◆ **Data for review**:
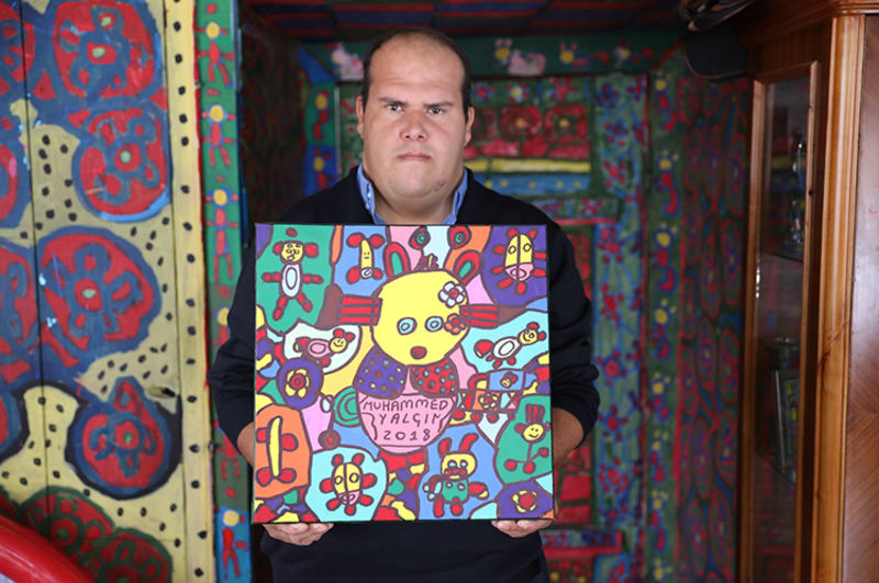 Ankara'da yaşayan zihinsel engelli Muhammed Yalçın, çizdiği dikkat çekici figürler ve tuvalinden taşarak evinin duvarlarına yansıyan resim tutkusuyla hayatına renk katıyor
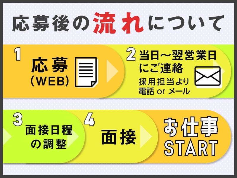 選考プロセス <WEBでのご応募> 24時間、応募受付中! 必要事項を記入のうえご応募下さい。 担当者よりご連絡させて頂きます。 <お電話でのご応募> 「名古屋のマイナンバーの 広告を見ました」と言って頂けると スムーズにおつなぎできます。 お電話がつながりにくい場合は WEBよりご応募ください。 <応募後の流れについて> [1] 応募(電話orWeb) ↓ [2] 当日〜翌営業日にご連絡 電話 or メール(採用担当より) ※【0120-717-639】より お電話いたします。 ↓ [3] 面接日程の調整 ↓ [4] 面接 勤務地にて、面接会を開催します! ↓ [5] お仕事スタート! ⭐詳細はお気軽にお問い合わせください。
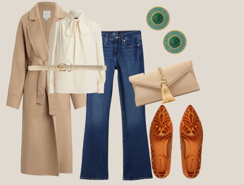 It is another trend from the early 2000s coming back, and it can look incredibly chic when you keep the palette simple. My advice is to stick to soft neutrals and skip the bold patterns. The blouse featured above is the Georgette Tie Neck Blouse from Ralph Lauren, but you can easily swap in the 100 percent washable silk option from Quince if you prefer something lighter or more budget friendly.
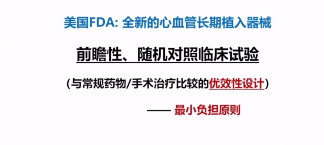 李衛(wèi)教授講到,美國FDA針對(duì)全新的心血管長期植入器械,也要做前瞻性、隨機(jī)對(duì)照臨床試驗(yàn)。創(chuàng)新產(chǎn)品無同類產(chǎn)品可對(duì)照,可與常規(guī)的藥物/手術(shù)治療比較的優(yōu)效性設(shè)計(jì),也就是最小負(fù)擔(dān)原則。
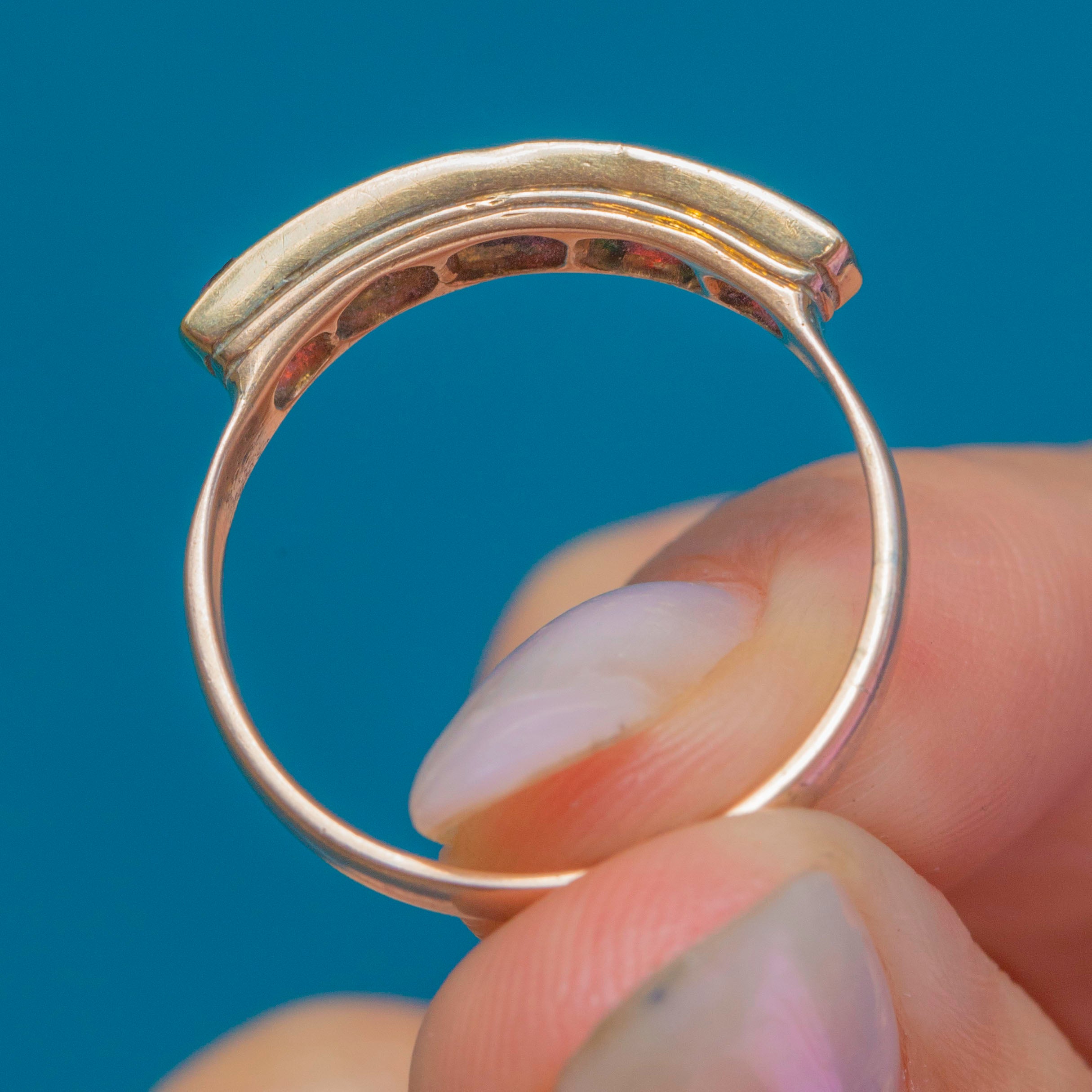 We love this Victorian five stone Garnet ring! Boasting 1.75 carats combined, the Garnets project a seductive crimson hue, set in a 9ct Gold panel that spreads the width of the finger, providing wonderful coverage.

◆ **Your task**: Please set down each entry word for word, without its images.

◆ **Solution**:
 Ankara'da yaşayan zihinsel engelli Muhammed Yalçın, çizdiği dikkat çekici figürler ve tuvalinden taşarak evinin duvarlarına yansıyan resim tutkusuyla hayatına renk katıyor
 選考プロセス <WEBでのご応募> 24時間、応募受付中! 必要事項を記入のうえご応募下さい。 担当者よりご連絡させて頂きます。 <お電話でのご応募> 「名古屋のマイナンバーの 広告を見ました」と言って頂けると スムーズにおつなぎできます。 お電話がつながりにくい場合は WEBよりご応募ください。 <応募後の流れについて> [1] 応募(電話orWeb) ↓ [2] 当日〜翌営業日にご連絡 電話 or メール(採用担当より) ※【0120-717-639】より お電話いたします。 ↓ [3] 面接日程の調整 ↓ [4] 面接 勤務地にて、面接会を開催します! ↓ [5] お仕事スタート! ⭐詳細はお気軽にお問い合わせください。
 It is another trend from the early 2000s coming back, and it can look incredibly chic when you keep the palette simple. My advice is to stick to soft neutrals and skip the bold patterns. The blouse featured above is the Georgette Tie Neck Blouse from Ralph Lauren, but you can easily swap in the 100 percent washable silk option from Quince if you prefer something lighter or more budget friendly.
 李衛(wèi)教授講到,美國FDA針對(duì)全新的心血管長期植入器械,也要做前瞻性、隨機(jī)對(duì)照臨床試驗(yàn)。創(chuàng)新產(chǎn)品無同類產(chǎn)品可對(duì)照,可與常規(guī)的藥物/手術(shù)治療比較的優(yōu)效性設(shè)計(jì),也就是最小負(fù)擔(dān)原則。
 We love this Victorian five stone Garnet ring! Boasting 1.75 carats combined, the Garnets project a seductive crimson hue, set in a 9ct Gold panel that spreads the width of the finger, providing wonderful coverage.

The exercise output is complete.